EMILY STARK, GOOGLE CHROME
The Chrome team's efforts so far focus on figuring out how to detect URLs that seem to deviate in some way from standard practice. The foundation for this is an open source tool called TrickURI, launching in step with Stark's conference talk, that helps developers check that their software is displaying URLs accurately and consistently. The goal is to give developers something to test against so they know how URLs are going to look to users in different situations. Separate from TrickURI, Stark and her colleagues are also working to create warnings for Chrome users when a URL seems potentially phishy.

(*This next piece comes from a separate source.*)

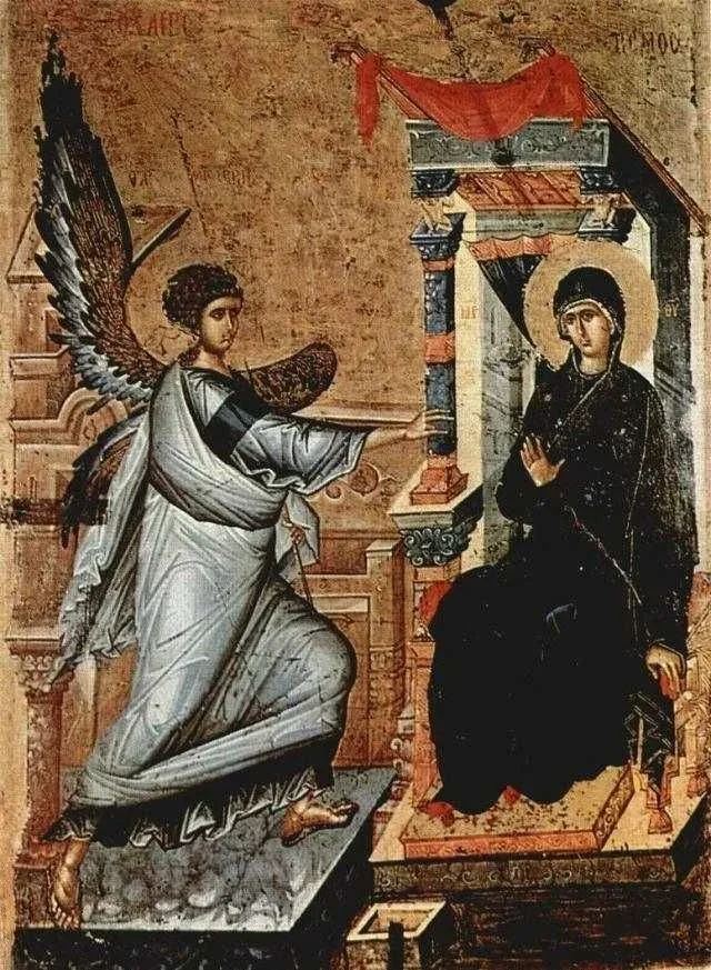 În icoanele bizantine, momentul nu este redat ca o simplă vestire, ci ca un dialog tăcut. Maria nu apare doar ca un personaj care primește un mesaj, ci ca o figură aflată într-un proces interior. Unele reprezentări o arată ușor retrasă, cu palma întoarsă în afară, într-un gest interpretat de istorici ca semn al mirării sau al prudenței. Nu este refuz, dar nici acceptare imediată — ci o clipă de suspendare. În alte imagini, precum cele asociate lui Andrei Rubliov, această tensiune pare să se fi risipit. Capul ușor plecat și mâna dusă spre piept sugerează un răspuns deja formulat, o asumare liniștită. Între aceste două ipostaze — ezitare și consimțire — iconografia construiește o narațiune subtilă despre decizie.

The alerts are still in internal testing, because the complicated part is developing heuristics that correctly flag malicious sites without dinging legitimate ones.*
For Google users, the first line of defense against phishing and other online scams is still the company's Safe Browsing platform. But the Chrome team is exploring complements to Safe Browsing that specifically focus on flagging sketchy URLs.
GOOGLE
"Our heuristics for detecting misleading URLs involve comparing characters that look similar to each other and domains that vary from each other just by a small number of characters," Stark says. "Our goal is to develop a set of heuristics that pushes attackers away from extremely misleading URLs, and a key challenge is to avoid flagging legitimate domains as suspicious. This is why we're launching this warning slowly, as an experiment."
Google says it hasn't started rolling out the warnings to the general user population while the Chrome team refines those detection capabilities. And while URLs may not be going anywhere anytime soon, Stark emphasizes that there is more in the works on how to get users to focus on important parts of URLs and to refine how Chrome presents them. The big challenge is showing people the parts of URLs that are relevant to their security and online decision-making, while somehow filtering out all the extra components that make URLs hard to read. Browsers also sometimes need to help users with the opposite problem, by expanding shortened or truncated URLs.
"The whole space is really challenging because URLs work really well for certain people and use cases right now, and lots of people love them," Stark says. "We’re excited about the progress we’ve made with our new open source URL-display TrickURI tool and our exploratory new warnings on confusable URLs."
The Chrome security team has taken on internet-wide security issues before, developing fixes for them in Chrome and then throwing Google's weight around to motivate everyone to adopt the practice. The strategy has been particularly successful over the past five years in stimulating a movement toward universal adoption of HTTPS web encryption. But critics of the approach fear the drawbacks of Chrome's power and ubiquity. The same influence that has been used for positive change could be misdirected or abused. And with something as foundational as URLs, critics fear that the Chrome team could land on website identity display tactics that are good for Chrome but don't actually benefit the rest of the web. Even seemingly minor changes to Chrome's privacy and security posture can have major impacts on the web community.
Additionally, a trade-off of that ubiquity is being beholden to risk-averse corporate customers. "URLs as they work now are often unable to convey a risk level users can quickly identify," says Katie Moussouris, founder of the responsible vulnerability disclosure firm Luta Security. "But as Chrome grows in enterprise adoption, rather than the consumer space, their ability to radically change visible interfaces and underlying security architecture will be reduced by the pressure of their customers. Great popularity comes not only with great responsibility to keep people safe, but to minimize churn in features, usability, and backwards compatibility."
If it all sounds like a lot of confusing and frustrating work, that's exactly the point. The next question will be how the Chrome team's new ideas perform in practice, and whether they really wind up making you safer on the web.